TASHKENT
Uzbekistan plans to sell the state shares in seven banks under the ongoing reforms to reduce the government participation in the economy aimed at developing the private sector and accelerating the process of transparent privatisation.
According to the presidential decree, the country’s largest mortgage lender for rural development – joint-stock commercial bank Qishloq Qurilish Bank (QQB) will go for Initial Public Offering (IPO) before October 1 this year.
The second-largest bank in the country, Uzsanoatqurilishbank, and Asakabank will be put up for auction by the end of this year. The International Finance Corporation (IFC), the European Bank for Reconstruction and Development (EBRD) and the Asian Development Bank (ADB) will be involved in the process, it said.
Uzbekistan’s first largest bank, Uzmilliybank, also known as the National Bank for Foreign Economic Activity (NBU), as well as Khalk bank, Mikrokreditbank, Aloqabank and Agrobank should be ready to go for IPO before July 1, 2023, according to the decree.
Also, the document instructs the government bodies to involve international consulting, audit and investment consultants, investment banks or other specialized companies in the process of evaluating and implementing Universal Mobile Systems company by May 1, 2022. The mobile phone operator is to be privatized, by April 1, 2023.
The Central Asian country is making efforts to improve its investment climate after more than two decades of economic isolation. The closed, autarkic system viewed most foreign investments as a threat. That ended when Islam Karimov, who had led Uzbekistan since before the Soviet breakup, died in 2016.
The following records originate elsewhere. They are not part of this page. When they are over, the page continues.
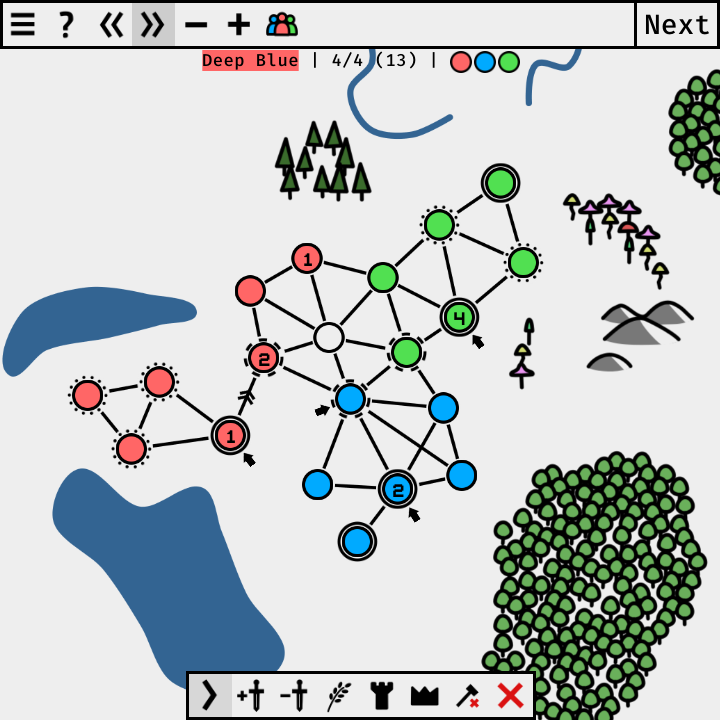 Grrra is a free-to-play, simple strategy game for up to 6 players, which you can play with AI or online with your friends. The game is played in simultaneous turns: players plan their actions at once without knowing what others will do. The goal of the game is to gain power over the generated map. Currently, the game has two game modes: Classic and Cities.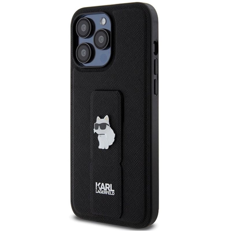 Karl Lagerfeld Gripstand Saffiano Choupette Pins Hülle für iPhone 13 Pro / 13 – Schwarz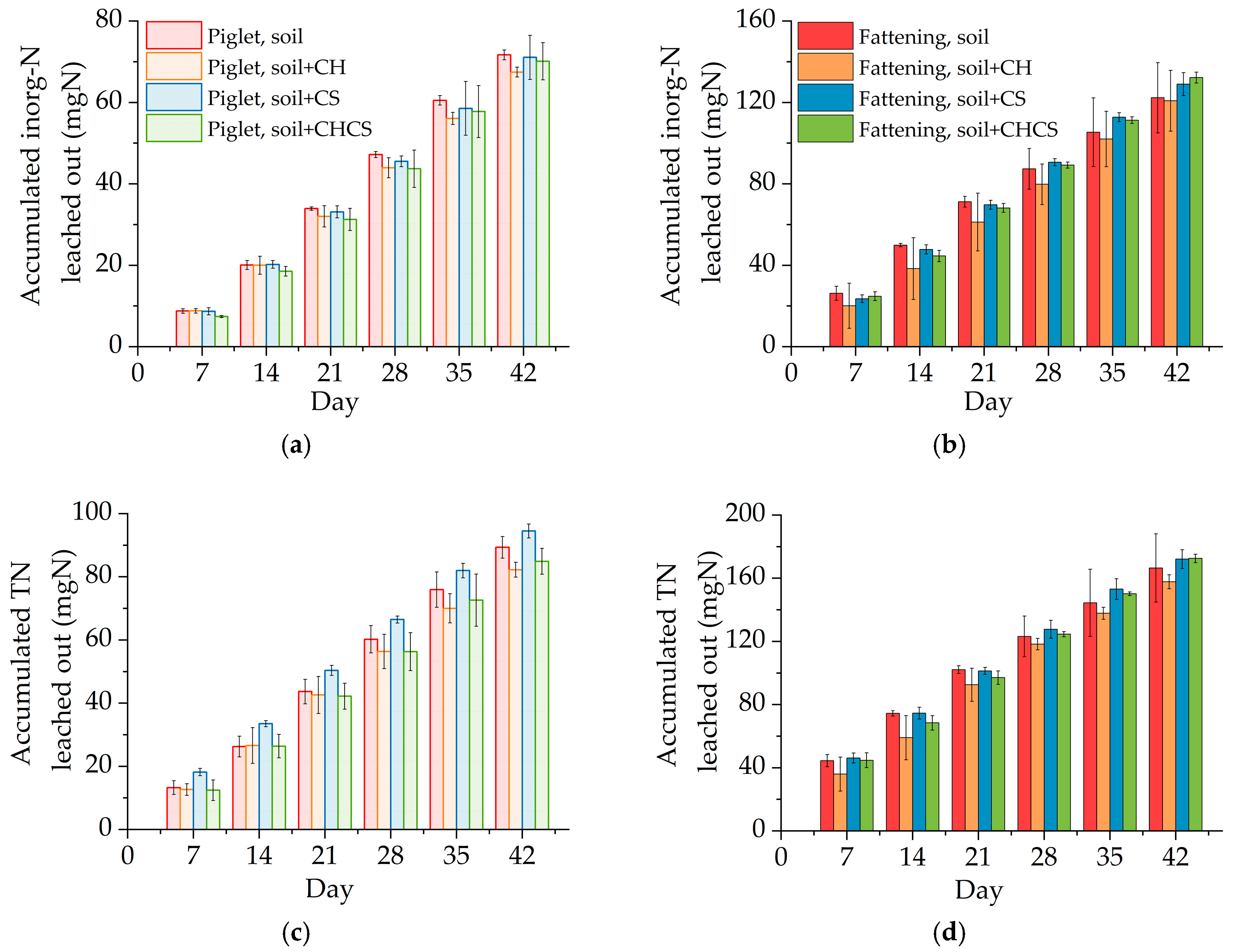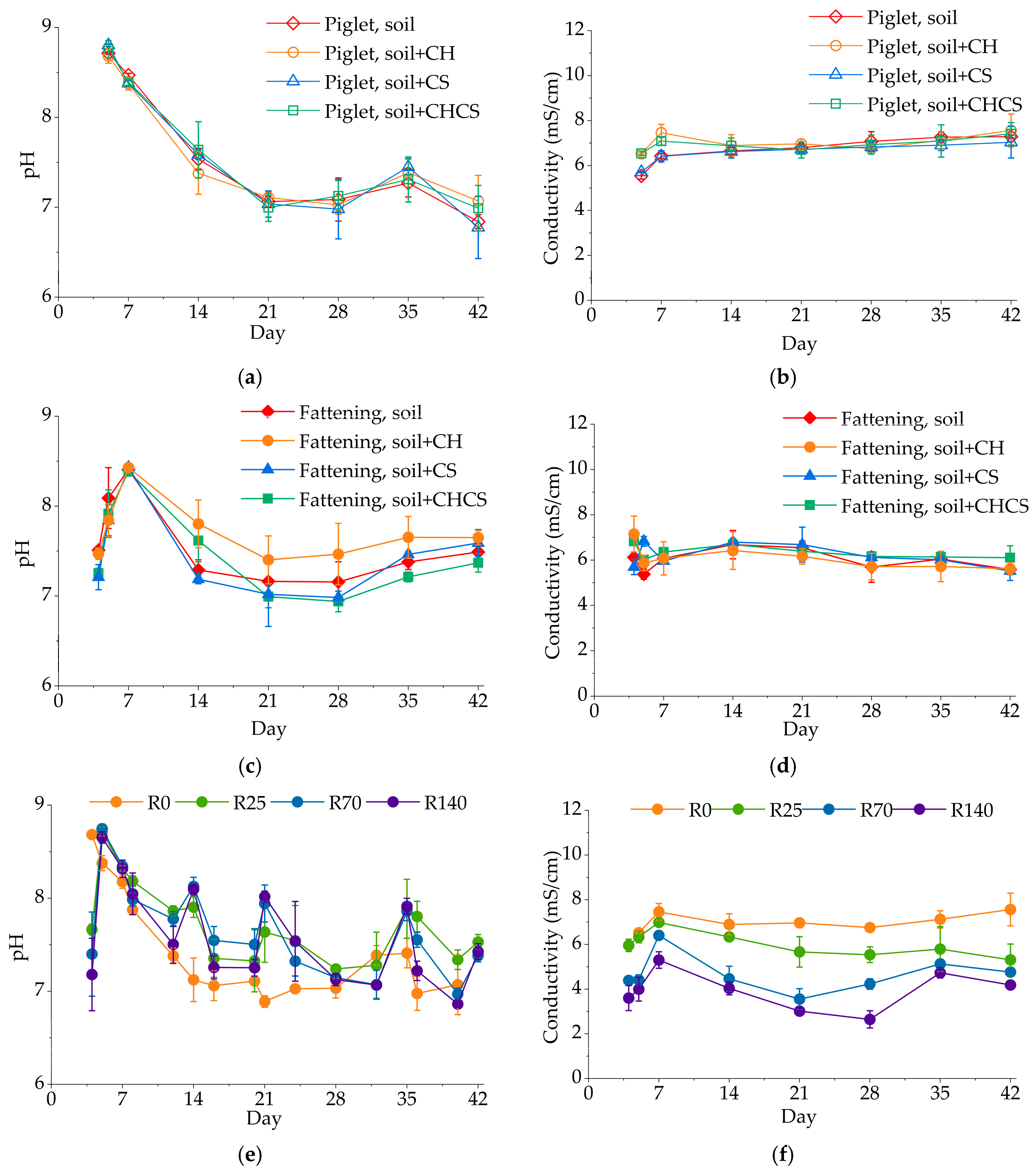 | Loaded soil + CHCS | 42 | piglet | 6.61 ± 0.22 d | 0.71 ± 0.08 b | 0.77 ± 0.12 b | 51 ± 9 c | 92 ± 41 c | 7833 ± 943 c | 1.0 ± 0.3 b | 1.3 ± 0.5 a | 731 ± 147 b |

President Shavkat Mirziyoyev, who was once a prime minister under Karimov and then succeeded him, has made attracting foreign investors one of his top priorities in an increasingly ambitious plan to open Uzbekistan to the outside world.
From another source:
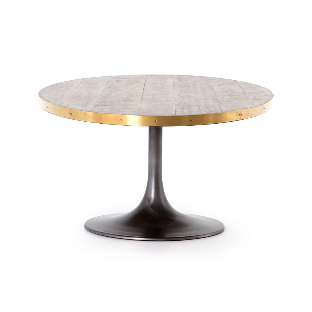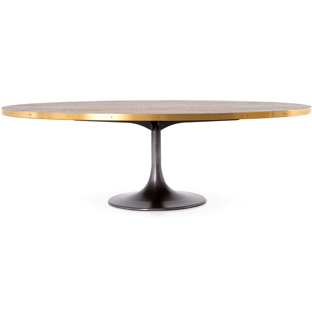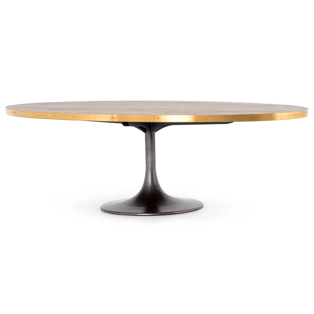 Mixed materials make the table. Classic tulip shaping is recast with a vessel grey iron base and a light, burnt oak oval top banded in polished brass steel with exposed nail heads.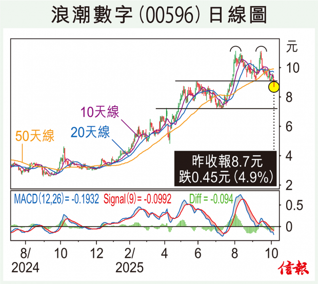 浪潮數字(00596)昨日收報8.7元,急挫4.9%。本欄7月下旬建議於9.1元樓下買入該股,目標價11元於8月初升抵,大家應已沽出,公司基本因素良好,可趁調整部署重新收集。 主攻大型國企客 開發佔優勢 浪潮數字本來主力開發ERP(...全文

Mirziyoyev issued a decree in October 2020 ordering the full or partial privatisation of over 620 state-owned companies and properties. The list includes state companies in the banking, energy, mining, chemical sectors.
As well as by offering its state assets for sale, Uzbekistan has sought to improve its investment climate and restore foreign investors’ trust by setting up a special legal panel for investment and competition issues.
The country’s reform drive has not gone unnoticed. The World Bank has rapidly scaled up support to Uzbekistan, with 21 projects totalling around $3.5 billion – the second largest World Bank programme in the Europe and Central Asia region. The EBRD re-engaged with Uzbekistan in September 2018 after a long hiatus, raising its portfolio to 1.8 billion euros.